While there are reports of increased sales in Florida’s condominium market, the picture for condominium associations remains bleak due to more stringent lending practices among banks.
These tighter lending practices represent a drastic swing of the pendulum from a time when there were virtually no regulations, to now, when a buyer’s income and credit history are viewed under a microscope. The result is that the vast majority of sales are to cash buyers. This dynamic clearly limits the market and an association’s ability to claw its way out of financial chaos because mortgages are more commonly out of the picture.
The shared nature of condominium ownership puts these associations in a difficult situation, leaving them with very basic options: cut expenses, foreclose on the units of non-paying residents or develop ways to bring more money into the organization.
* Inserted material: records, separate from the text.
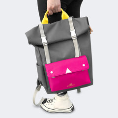 捲蓋式後背包 - Grey & Pink
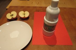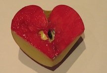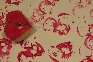 1. Start by cutting one apple in half and shaving the bottom two edges off to make a heart shape (see picture below). Put some paint on a plate and using a paintbrush spread it across the apple.
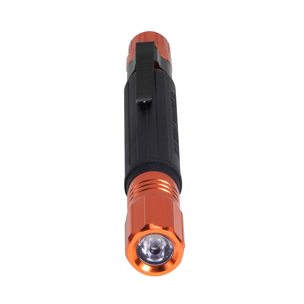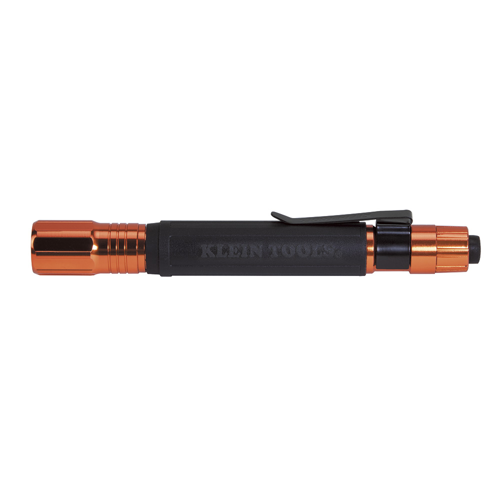 Klein Tools lights are designed to make life brighter and easier, with leading-edge solutions for illumination on and off the job site. This Penlight has an orange aluminum body with a Cushion-Grip™ handle for a safe and comfortable hold. A clip allows the light to be attached to a shirt or pocket for hands-free usage. The penlight has both soft-on and click-on features, depending on the type of light needed.

Cutting expenses could involve limiting services such as landscaping, staffing and cleaning the pool. These are not options that residents will typically tolerate.
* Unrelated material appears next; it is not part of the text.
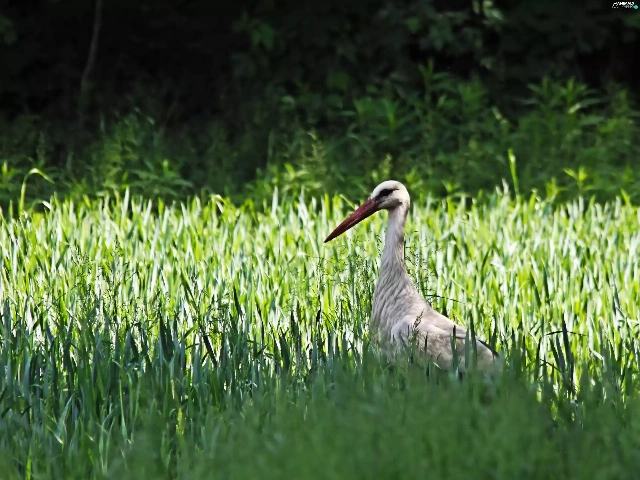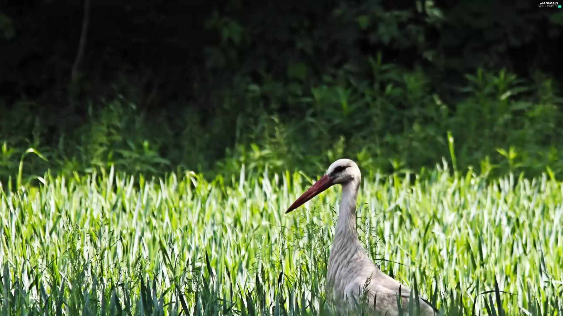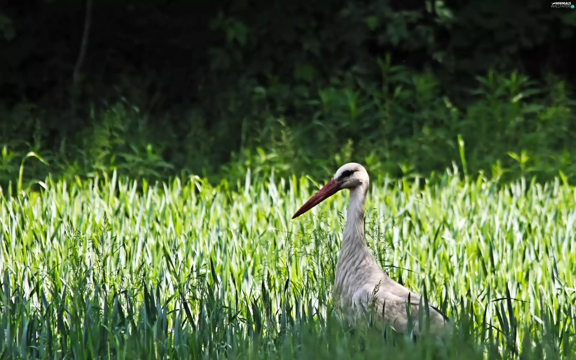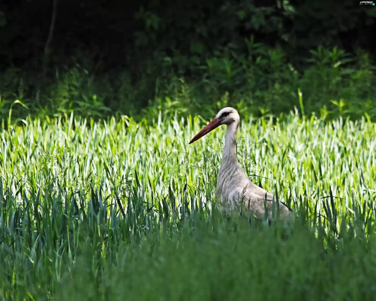 grass, Bird, stork

Some associations are raising monthly assessments, an unpopular scenario since it could force residents into foreclosure.
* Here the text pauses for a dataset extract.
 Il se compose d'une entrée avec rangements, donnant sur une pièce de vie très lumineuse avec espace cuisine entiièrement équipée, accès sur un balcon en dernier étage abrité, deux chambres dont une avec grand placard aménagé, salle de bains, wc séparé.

Other associations have resorted to quasi-illegal methods. For example, one association in south Florida was generating significant monthly cash flow by placing a product billboard on its highly visible rooftop, while at the same time it was being fined by the county zoning board. However, the penalty fine was significantly less than the revenue generated from the ad. Another association amended its governing documents to allow fines to a unit owner for leaving garbage cans on the street.
These are desperate times. While we never endorse these quasi-illegal strategies, it’s clear that the only option is to cut expenses or allow a company to manage the receivables. it doesn’t make financial sense for associations to foreclose on a condo unless there is owner equity; leave that action to the banks.
- If an account goes delinquent for more than seven months, the owner only brings the account current on average 20 percent of the time. When an account goes delinquent beyond ten months, it is very unlikely the owner will bring the account current, and the eventual payoff will be the result of a bank foreclosure, a short sale or a bank mortgage modification.
- When the bank takes action (foreclosure, short sale, loan modification), the association stands to benefit. In the case of a foreclosure, the association will receive back-owed assessments following a foreclosure and have a better credit source to pay assessments following the foreclosure. on a short sale, the association will receive back-owed assessments at the time of sale and have a new owner liable to pay assessments going forward. and through a loan modification, the association lien will be satisfied, back-owed assessments paid current and the owner may be able to afford the assessments and new mortgage payment going forward. These are all tactics dictated by the banks and, ultimately, are in the best interests of the association.
- Association lien foreclosure is an action against the current owner of the property, which can be very threatening and effective in normal times. However, the condo owners that are not paying association dues are generally so upside down (mortgages exceed condo value) that an association’s threat of foreclosing on their condo has little or no impact on the property owner, meaning association foreclosure is ineffective. An association foreclosing on a condo has no impact on the bank either, since an association cannot foreclose out a first mortgage.
- We continue to see many associations foreclosing on unit owners even when a bank is simultaneously foreclosing
on the same property. We also see many associations filing foreclosures as a means to get the owner to pay past-due
assessments when it is obvious that the owner has already abandoned the property and has no means or intention to
pay. association foreclosures are costly, and the expense should not be borne by associations unless there is equity
in the condo or there is reason to believe the foreclosure action will cause the owner to pay their association dues
Since 2008, foreclosure has clearly not been a successful collection option for associations:
- When an association forecloses and takes title, the association lien for all past-due assessments is wiped out without any chance of recovery that would occur in the event of a bank foreclosure, a short sale or a mortgage modification. After writing off all back-owed assessments and bearing the cost of a foreclosure, the association often ends up owning the unit for less than six months before the bank forecloses on it. When an association owns a condo unit, the fees continue to mount for assessments, taxes, insurance and maintenance, resulting in the association being in a worse situation.
- When an association forecloses and takes title, it averages approximately $3,200 in legal fees.
- When an association forecloses and takes title, it writes off an average of $5,600 in lien receivables in order to obtain
- Associations often believe they will recoup foreclosure expenses with rental income. the actual net rental income that an association collects is less than the association’s cost of foreclosing and lien write-offs 95 percent of the time. Every association foreclosure/rental situation should be analyzed prior to taking the action, but the average association foreclosure initiated on a 12-month-delinquent account will have to rent out for at least 18 months for the association to break even on prior lien write-offs and foreclosure expenses.
As condominium associations continue to acknowledge the depths of the problems they’re facing, many are realizing that safeguards have not been put in place to deal with the current financial crisis. they didn’t make allowances for bad debt or the reality of cutting expenses and services. the financially astute boards have done this, but many are, for example, maintaining services and leaving water bills unpaid, putting associations in a position where a building could be condemned. Some are taking some creative – albeit questionable – steps to make up budgetary shortfalls.
As the crisis continues, most associations are experiencing significant financial hardships, but it is clear that association foreclosures are not the answer.